The effort was to perform a major upgrade to the chain’s Oracle Application Server in addition to “a complete hardware and software refresh of our E-Commerce platform,” including an operating system upgrade and “getting off some old disk arrays that we’ve been trying to retire,” Follansbee said. “Everything is being refreshed.”

Internal projections had the database upgrade alone taking 19 hours. “We needed a full 24-hour outage to do the upgrade, to do the tidying up,” he said, adding that some of these upgrades were attempted last year—under a different executive’s jurisdiction—and had “failed.” Why had it failed. “Nobody seems to remember,” Follansbee said.

The changes will not deliver any immediate functionality improvements but will enable such improvements shortly, including an improved capability to handle the accounting backend operations needed for selling stored-value cards online.

Although Burlington Coat Factory’s situation clearly doesn’t qualify as mere site maintenance, one of Alert-Bot’s Noll’s pet peeves is the way some major retailers regularly take their E-Commerce sites offline for nightly tweaking.

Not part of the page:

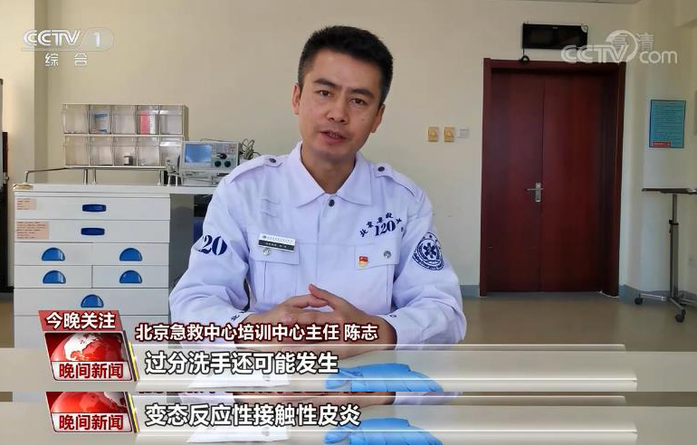 北京急救中心培训中心主任陈志:勤洗手会带走皮肤上的油脂,损伤皮脂膜,过分洗手还可能发生变态反应性接触性皮炎。所以在勤洗手的同时,我们也要保护好双手皮肤。洗完手呢,手要充分擦干,然后用护手霜均匀涂抹,适当按摩。如果手部出现皲裂瘙痒,可佩戴手套工作。很多人对乳胶手套过敏。可以选择不含乳胶的纯棉手套,或者是丁腈手套。尽量的避免接触其它化学品,让手部的皮肤有一个充分休息的时间。

“These major brands should not have scheduled maintenance,” he said, noting there is technology available that allows companies to update sites without incurring extensive downtime. “You don’t need to take down your Web site to do updates, but you see these huge, Fortune 500 companies doing it. I don’t know if they’re skimping on IT spending, but I can’t see why they are updating every night for two or three hours. When we do consulting, we tell them the most amount of downtime we consider acceptable is 20 minutes per month for scheduled maintenance.”

That said, the Burlington changes included extensive upgrades to key hardware plus multiple pieces of strategic software. By completely taking down the site, the E-Commerce group was theoretically able to complete all of its major changes in barely more than one day. (We stress: “In theory.”) An attempt to perform these changes while maintaining site functionality would have almost certainly caused the upgrades to take far longer, an undesirable luxury right before the crucial holiday shopping season. Noll’s point has merit in general, but Burlington’s effort seems like a valid exception.